For realistic inverter sizing you need to collect some monitoring data, mainly about peak demand.
Then its just a case of keeping up the dc input voltage to the inverter from whatever mixed power sources you have available.

You can start off with just the inverter, and a large grid powered dc power supply to make it go. 
That will initially reduce efficiency.
Then later you can add, hydro, some solar, a wind generator, anything you like to reduce the load drawn from the grid.

I built up my system gradually from scratch that way.
If it ever fails, I can just throw a bypass switch and run straight from the grid while I carry out maintenance.

[MAL]

My next question might be stupid,  Why do I have to rectify anything to DC? The Axle Flux generates AC unlike most if not all solar panels. There are some AC to AC inverters, although the ones that I have seen are meant to be Grid tie inverters and the voltage is not that high.  Does this make any sense at all?

[Warpspeed]

The problem with ac is that its very difficult to combine two or more ac sources. They must be at the exact same voltage and frequency in order to be able to connect them directly  together.

With dc you can just connect all your mixed dc power inputs through diodes onto a common dc bus that feeds  the inverter.  It is also possible to set the dc voltages at the various sources so that there is a priority in loading.
The grid supplied rectifier being set at the lowest dc  voltage so it is the very last thing to make up any supply deficit.

Whatever source is set to the highest dc voltage will take as much load as it can possibly carry before the voltage is pulled down slightly, and the next available power source begins to contribute.

In my case I have three completely separate 2Kw solar sources (pointing in different directions) all set to the same dc output voltage. If  I need say 2.3Kw, I really do not care if that all comes mostly from only one solar source, or a bit from each, so all my solar output dc bus voltages are set to be the same.

Yes, you can feed in a 2Kw 120v ac gasoline generator into that if required, but it will need a suitable transformer and rectifier to generate suitable dc. 
Your hydo can be, and probably should be a three phase axial flux generator and rectifier, and something to control the output voltage.

The only thing you need to be sure of is that the dc voltages generated by all these various sources is fairly constant and reasonably well regulated. A battery usually solves that problem, but without a battery it is very important that the voltage supplying the inverter cannot ever go high enough to do any damage.

[MAL]

Thanks, and good night, I have to get some sleep.  I hope to have many more conversations with you in the future.

 I hope you have Merry Christmas or Happy Holidays which ever you prefer.

[Warpspeed]

Its starting to get dark here, my solar output just died. 
It must be very late indeed on the Mississippi.

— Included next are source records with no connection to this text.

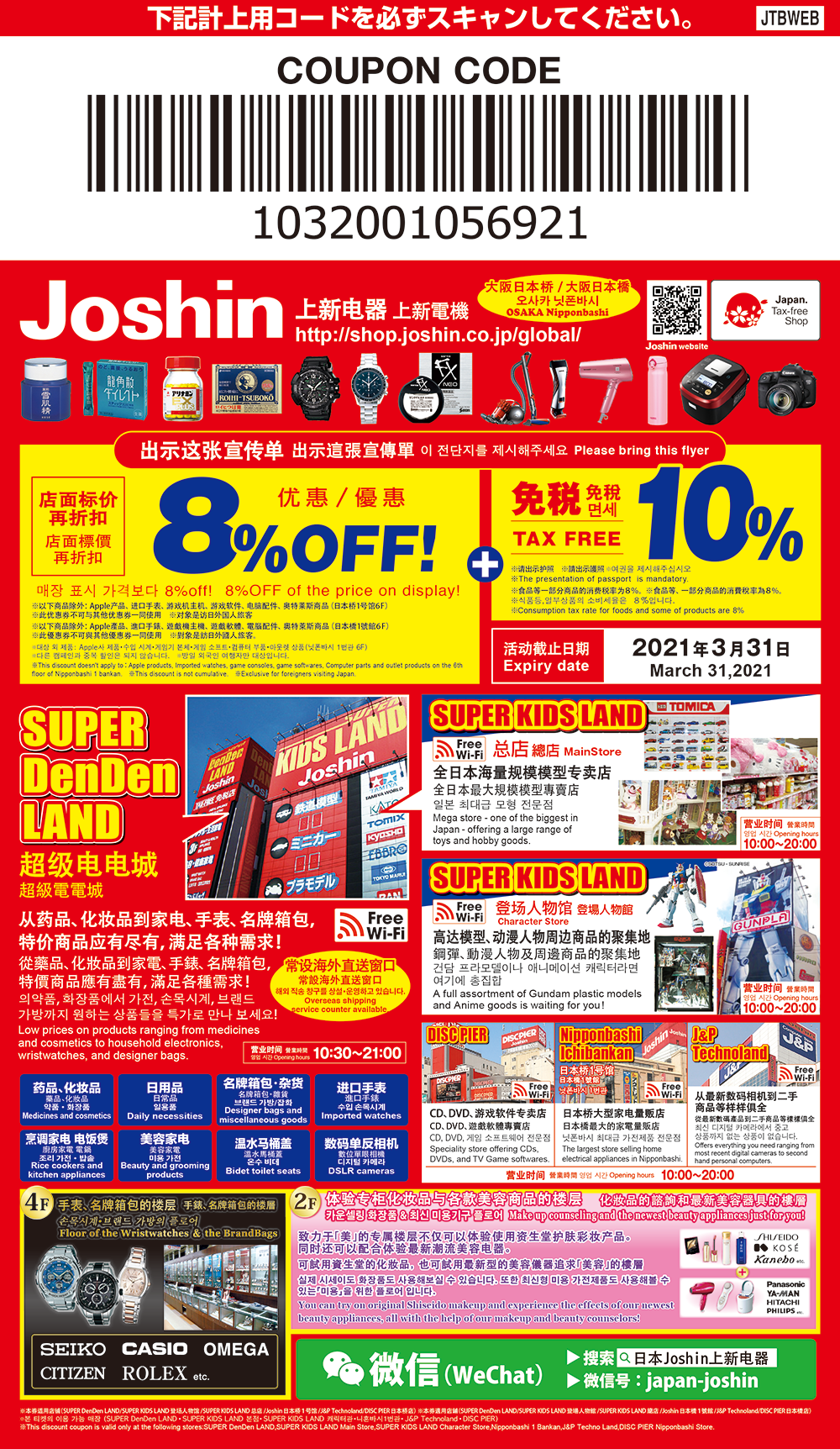 - 【2020 Joshin上新電機優惠券】10%退稅 + 高達8%折扣!血拼必備!
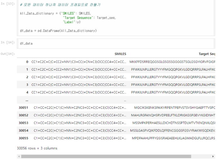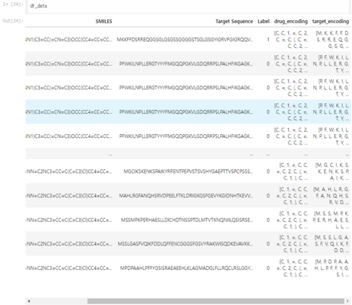 약물(SMILES), 타겟 단백질 서열(Target Sequence), 결합 여부(Label)를 하나의 데이터프레임으로 묶어 모델에 입력하기 위한 데이터를 준비한다. 약물의 SMILES sequence, Target portein sequence, 그리고 이진화된 결합 친화도(y)를 하나의 데이터 프레임으로 정리하고 모델 학습에 필요한 입력 데이터와 라벨을 일관성 있게 관리한다.
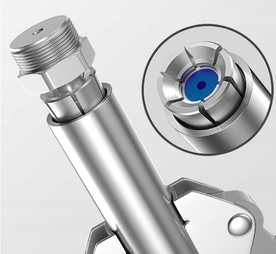 Наш адаптер мастильного пістолета оснащено вдосконаленою конструкцією з 6 губками, що полегшує як замикання, так і відпускання мастильних ніпелів. Завдяки посиленим губкам і високоякісному ущільненню наш продукт забезпечує тривалу та стабільну роботу без витоку навіть за екстремального тиску 10 000 PSI.
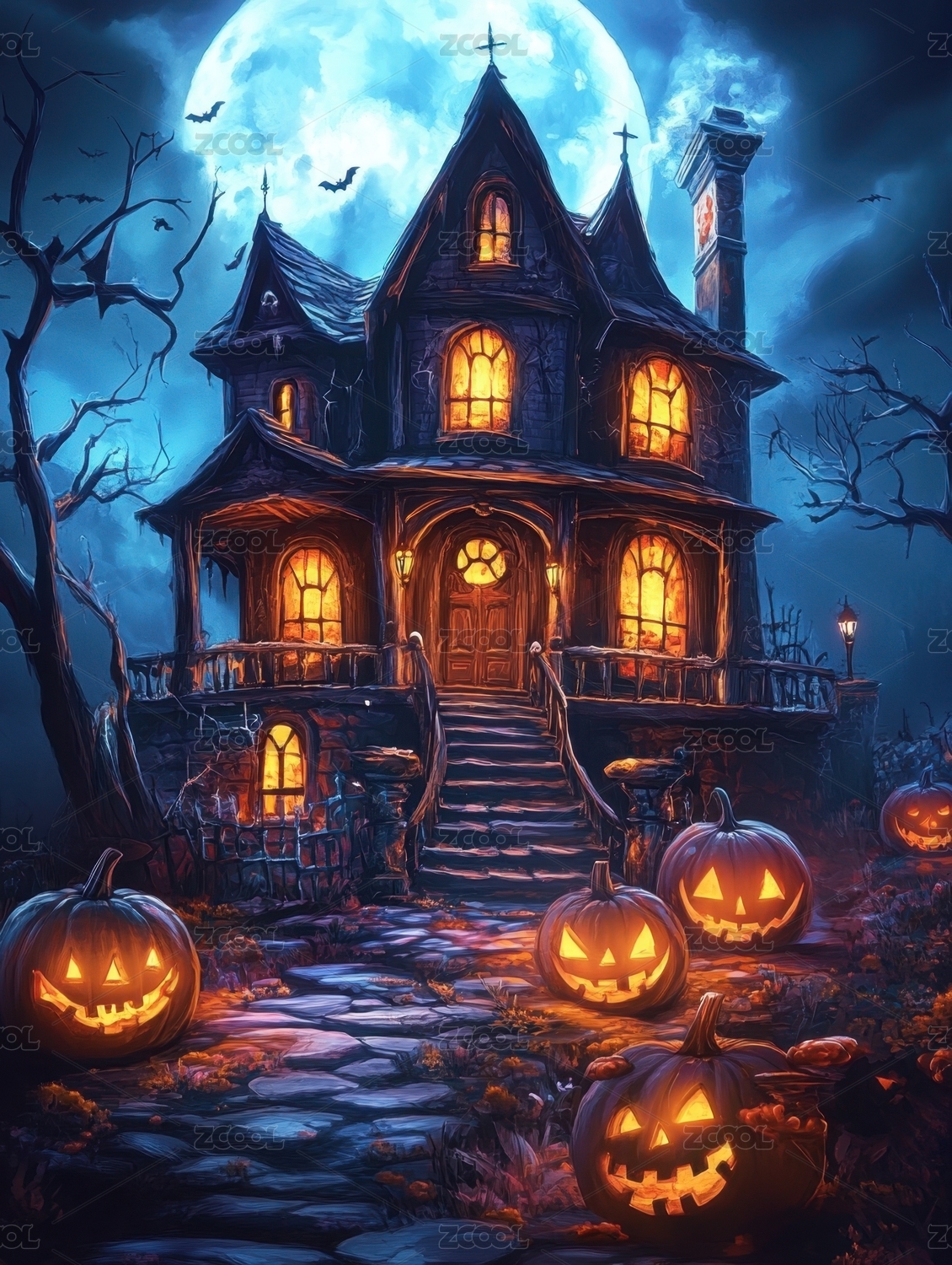 万圣节恐怖房屋夜晚城堡复古装饰节日插画
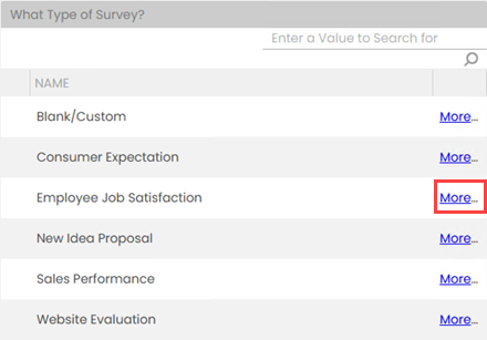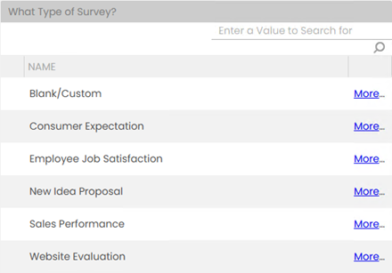 - Blank/Custom: Define your own questions. This option allows you to build your survey questions from scratch.
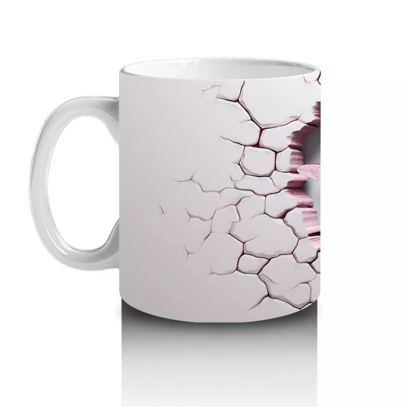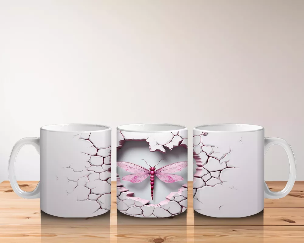 Çatlak Zemin Üzerinde Pembe Kanatlı Yusufçuk – Baskılı Kahve Kupası

Cheers, and a very Merry Christmas.

[clockmanFRA]

The problem with grid tie these days, is that at one time you were only charged for net usage, any power you fed back into the grid you received a credit.  So you could figure your installation cost against future savings and come up with a realistic payback period, and then be pretty much free from electricity charges after that.

The privately owned power utilities (and their shareholders) expect income to grow every year, regardless. And the greenies generating their own power became a lethal menace to future profit, because the power utilities still have the expense of maintaining and expanding the power distribution network, while seeing a steadily shrinking income.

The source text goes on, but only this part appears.